Where have all the trucks gone?
To find the answer, Frontstretch spoke with five prominent Truck team owners and managers; they asked for and were granted anonymity for this story to speak candidly about the state of their series. Over the course of those conversations, one glaring issue kept coming up: declining financial stability that’s threatening their ability to stay afloat.
“Anyone that has any kind of business sense … can look at a balance sheet and say, ‘This is a nightmare,'” one team official told Frontstretch. “‘This is a complete dumpster fire. Get out, get out, get out.’ … I’m not trying to be dramatic, I don’t know how this Truck Series is going to survive, other than it’s just a rich man’s playground.”

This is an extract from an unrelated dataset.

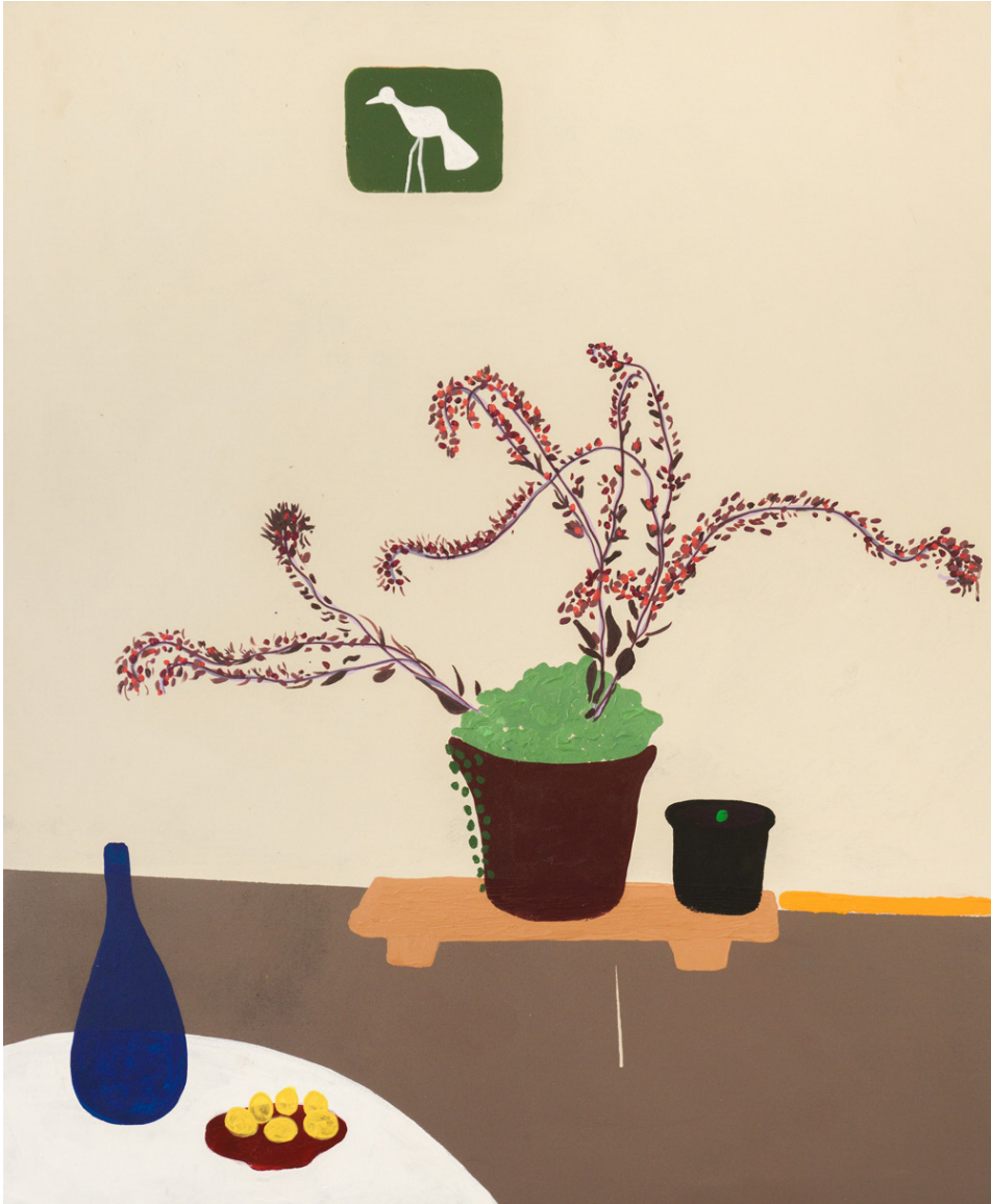
Sunday View Acrílico sobre tela 120 x 100 cms

Why that level of panic? Certainly, a slowing economy isn’t helping Truck owners just like everywhere else in NASCAR. But the series is about to get an injection of funding its NASCAR Xfinity and Cup series counterparts will not: Ram is returning as a new manufacturer beginning in 2026. That’s likely to pique sponsor interest while leading to additional money flowing into the series.
But owners maintain that boost just won’t be enough. And their fingers point directly at the one thing NASCAR directly provides the competition after each race: purse money for where they finish.
Truck owners were unified in their disgust over the money NASCAR and the tracks provide for them, complaining at length the totals are a fraction of what their Cup and Xfinity counterparts receive.
“The problem is the purse is so poor through the whole field,” a Truck Series team manager said. “Let’s say you run 30th, you might get $8,000-$9,000, right? By the time you pay for entry fees, one set of tires, mandatory costs, traveling people … you’re already in the hole.
“So, [critics] can all say economy. They can say we spend money ridiculously. I mean, we really don’t. … I don’t want to say I cut corners; I just try and run it practical. But I don’t know how [to survive]. The problem with the revenue is in the prize money. Literally, that is the issue.”
When reached for comment, NASCAR officials pushed back on the notion the Trucks aren’t getting enough.
“Teams want more money in not only the Truck Series but in the Xfinity Series and in the Cup Series,” NASCAR told Frontstretch in response. “That’s nothing new. We do our best to address those concerns and increase the money that goes to the teams. … In the Trucks, they got an increase because of the new media deal that started in 2025.”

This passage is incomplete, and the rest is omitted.